Un jour, elle reçut l’annonce d’une boîte d’effets spéciaux qui recherchait des femmes mesurant 1,60m pour des séances de capture de mouvement. C'était exactement sa taille, comme les actrices Scarlett Johansson, Rooney Mara, Natalie Portman ou encore Mila Kunis. L’idée de pouvoir être leur doublure numérique l’amusait beaucoup.

Les scans 3D seraient utilisés pour des films et des jeux vidéo. Les candidates devaient être prêtes à passer 36 heures seules dans une maison témoin. Elles pourraient se déplacer librement mais devraient effectuer des tâches spécifiques. Annie a postulé, se promettant que ce serait sa dernière audition.

Elle a passé un jour et demi dans la maison. Dans un article publié sur son blog, elle qualifie cette expérience de « fascinante et troublante », car elle savait qu’il s’agissait de sa dernière performance.

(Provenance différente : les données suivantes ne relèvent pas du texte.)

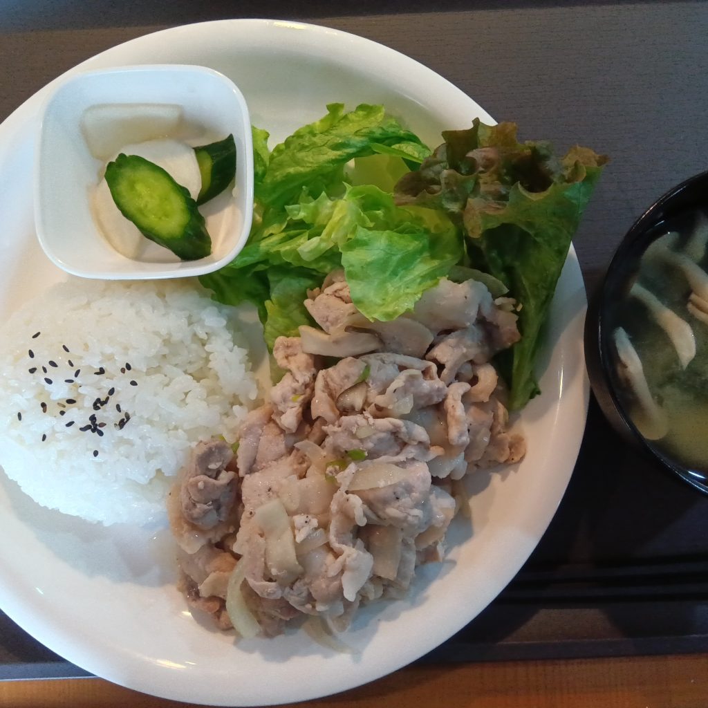 今日のランチメニューは、豚肉塩だれ炒め・みそ汁です!

Elle explique avoir agi avec soin, chaque geste bien pensé. Par moment, elle a même aimé la solitude, oubliant presque le motif de son séjour.

Les données récoltées n'ont pas encore été exploitées. Elle n'est même pas certaine qu'elle serait prévenue si tel était le cas. Pourtant, elle est satisfaite à l’idée que son alter-ego peut jouer, quelque part, tandis qu'elle continue sa vie.

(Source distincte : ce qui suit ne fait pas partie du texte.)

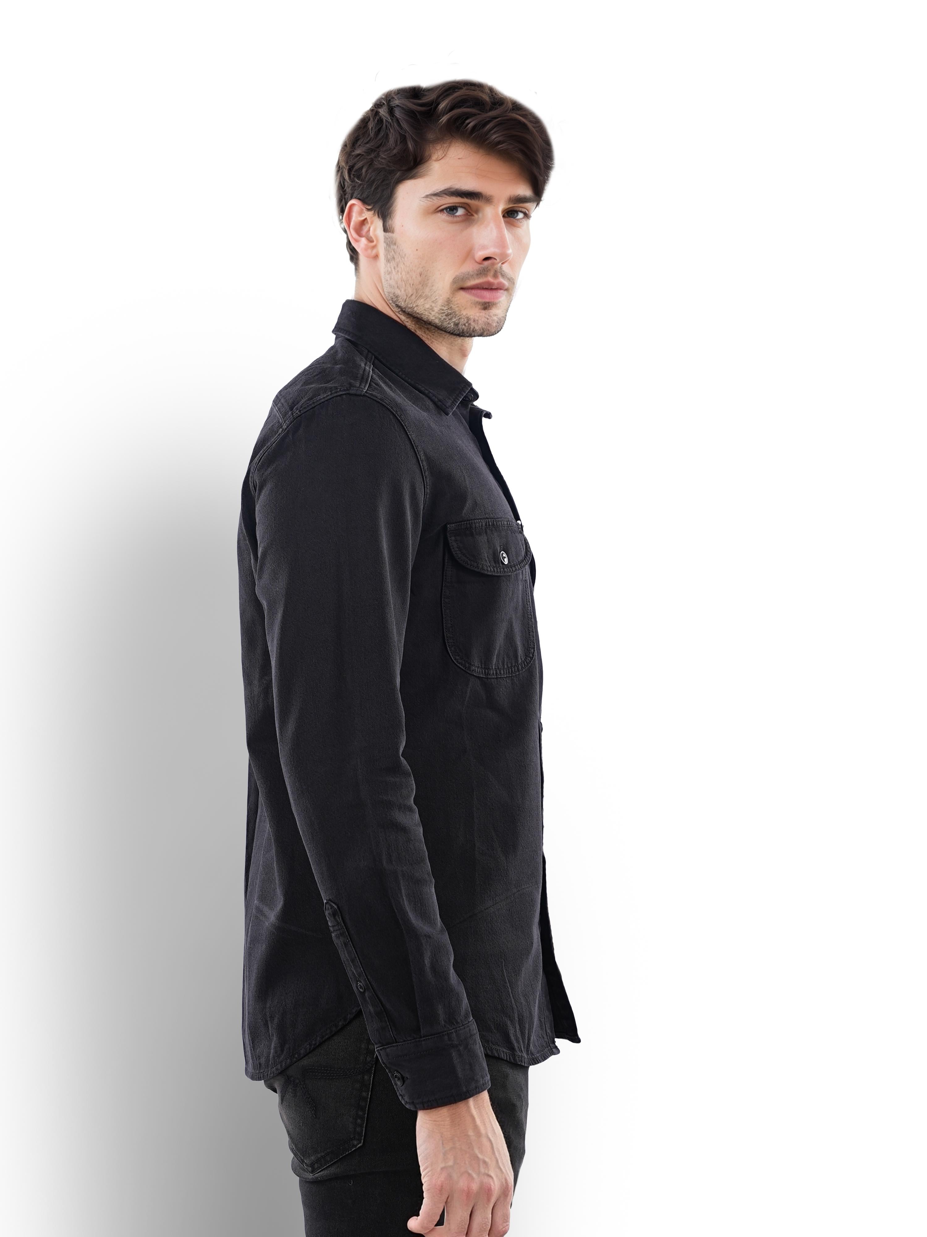 Celio* Embroidered Regular Fit Cotton Black Shirt

photo : Office fédéral de la culture, Guadalupe Ruiz, 2017

Quentin Lannes, The Next Round, 2016

Vue de l’exposition Atelier (rr)ouvre-toi 2017 - Maison des arts du Grütli, Genève (Suisse)

photo : Greg Clément

Quentin Lannes, The Next Round, 2016


projection vidéo, HD 1080p, couleur, muet, en boucle, 5 min. 17 s, dimensions variables et piste sonore, stéréo, en boucle, 9 min. 30 s.


The Next Round questionne les pratiques du corps (ici le sport et plus précisément la boxe) à l’ère des dispositifs de réalité virtuelle. Un boxeur, dont les mouvements sont enregistrés par des capteurs, combat une simulation numérique d’un autre boxeur, présent dans un autre espace physique, à des centaines de kilomètres de lui.

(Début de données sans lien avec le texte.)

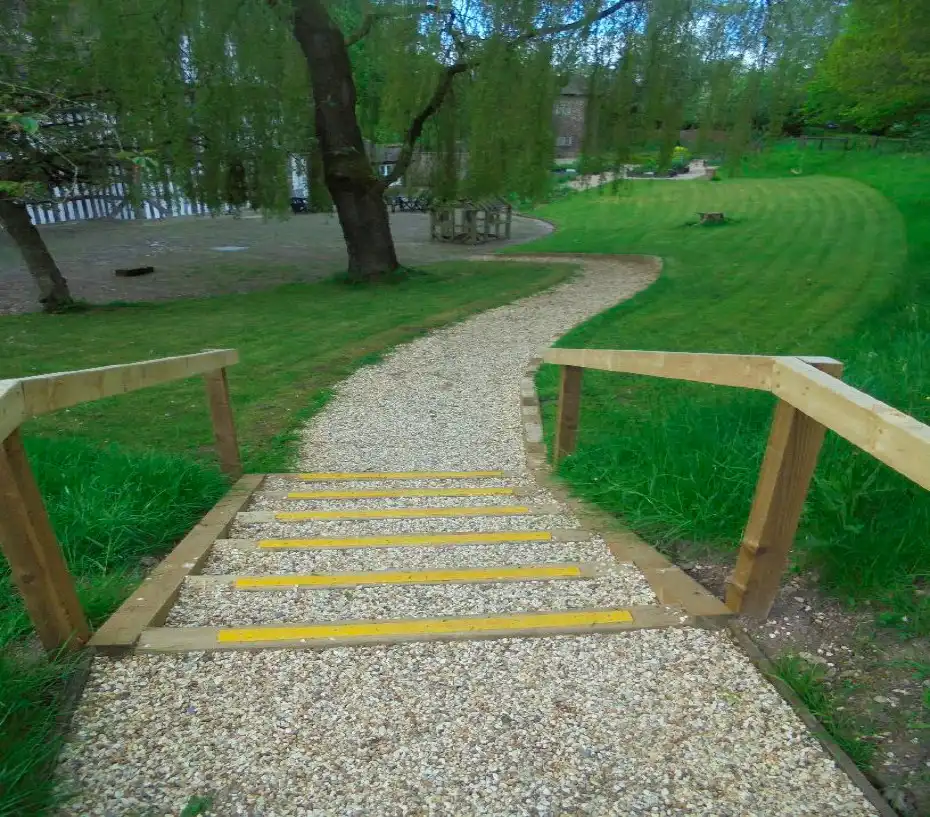 Our garden is accessible without steps, but there are steps with handrails leading to our viewing mound. Most of the garden has a gentle slope and is gravelled.

Quentin Lannes, Biolympics, 2016

installation, six bâches rétro-illuminables, 185 x 123,5 cm chacune, douze réglettes LED


Quentin Lannes développe une fiction à partir de la première compétition sportive d’athlètes bioniques assistés par des interfaces cerveau-machine. Les images de cette futurologie sont retro-éclairés par un système de tubes LED placé au fond de l’espace d’exposition, transformant la galerie en une sorte de lightbox. Les visiteurs peuvent découvrir une série d’images en dyptique qui se succèderont pendant le temps de l’exposition. En entrant dans l’espace d’exposition, les visiteurs découvrent l’installation, l’envers du décor, et la machinerie low tech qui contraste avec la très haute technologie évoquée dans les représentations de l’interface neuronale directe. La science-fiction se déploie dans un futur et une géographie tous deux très proches. En effet, le premier championnat sportif avec des athlètes handisport assistés par une communication cerveau-machine se tiendra en octobre 2016 à Zürich.